On March 12, 2010, investigators representing translational research efforts from many of the cooperative breast cancer groups in both North America and Europe were convened by Dr Dowsett and Dr Hayes, respective cochairs of the Breast International Group and North American Breast Cancer Group Biomarker Working Party, at the Breakthrough Breast Cancer Research Centre (London) to review the present state of the art of Ki67 evaluation and its potential utility. These investigators, designated the “International Ki67 in Breast Cancer Working Group,” agreed that Ki67 measurement by IHC was the current assay of choice for measuring and monitoring tumor proliferation in standard pathology specimens. However, they recognized the poor agreement on the precise clinical uses of Ki67 and the substantial heterogeneity and variable levels of validity in methods of assessment.
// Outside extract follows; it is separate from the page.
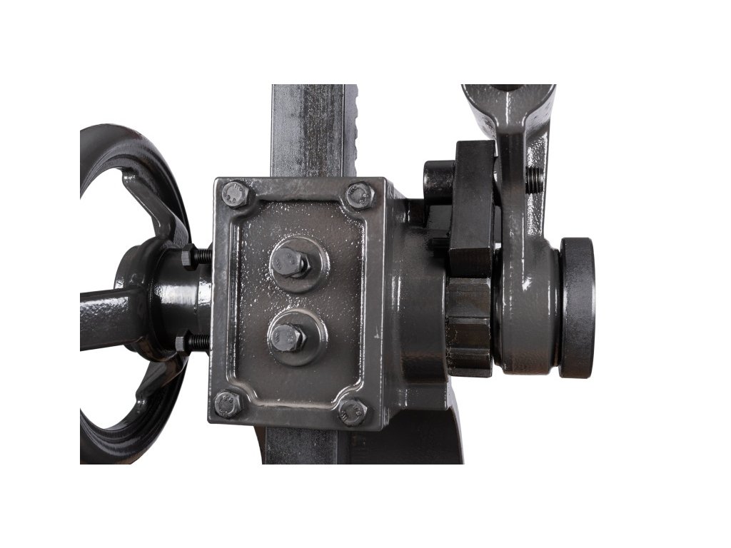 APR-3 je ruční mechanický lis s ráčnou a otočnou pracovní deskou. APR-3 je vybaven ráčnou pro snazší obsluhu kratšími pohyby pákou, která usnadní nastavení pozice beranu do ideální úvratě pro lisování. V pracovní desce jsou čtyři volitelné šířky drážek. Používá se na lisování a rozlisování ložisek, pouzder a mnoha dalších dílců. Lis je stabilní konstrukce z kvalitní šedé litiny. Najde uplatnění ve strojírenství, zámečnictví i autoservisech a všude tam, kde je velká variabilita lisovacích prací.
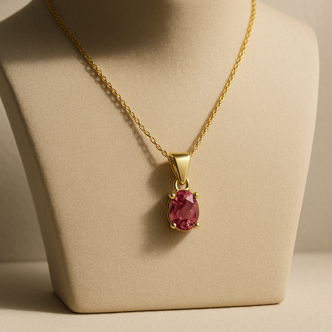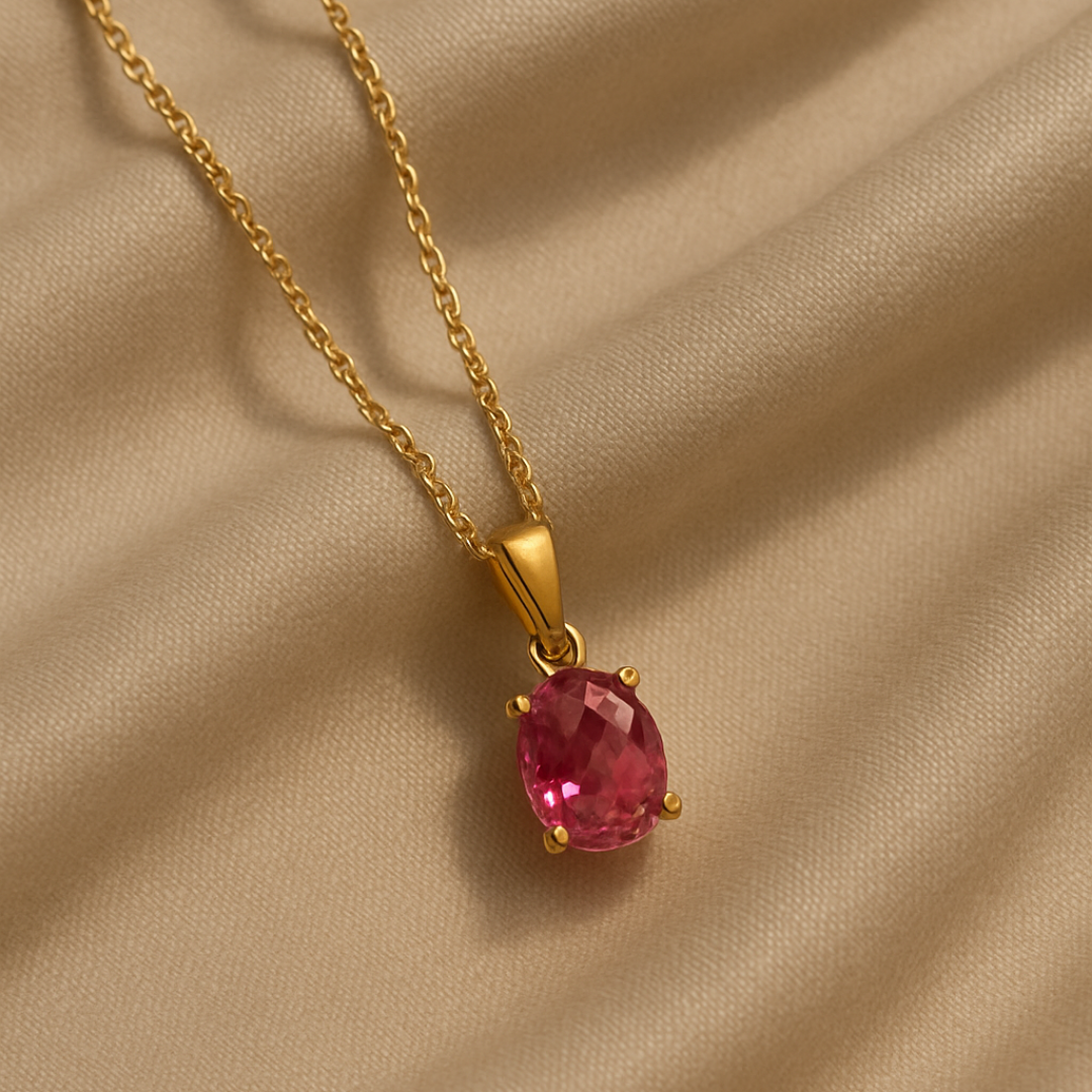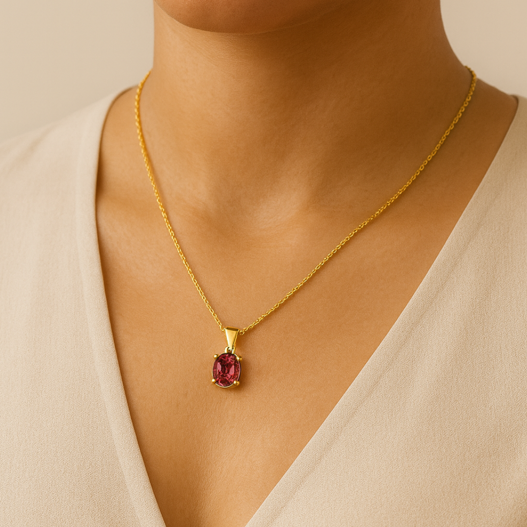 14 Ayar Altın Doğal Pembe Turmalin Tektaş Zincir Kolye

In this study, the International Ki67 in Breast Cancer Working Group proposed guidelines for the analysis, reporting, and use of Ki67 that should reduce interlaboratory variability and improve interstudy comparability of Ki67 results. Some issues cannot be fully resolved at this stage because of limited evidence to make a firm recommendation. Nonetheless, following this guidance should enable improved comparison and pooling of data and more rapid establishment or rejection of the utility of Ki67 in breast cancer management.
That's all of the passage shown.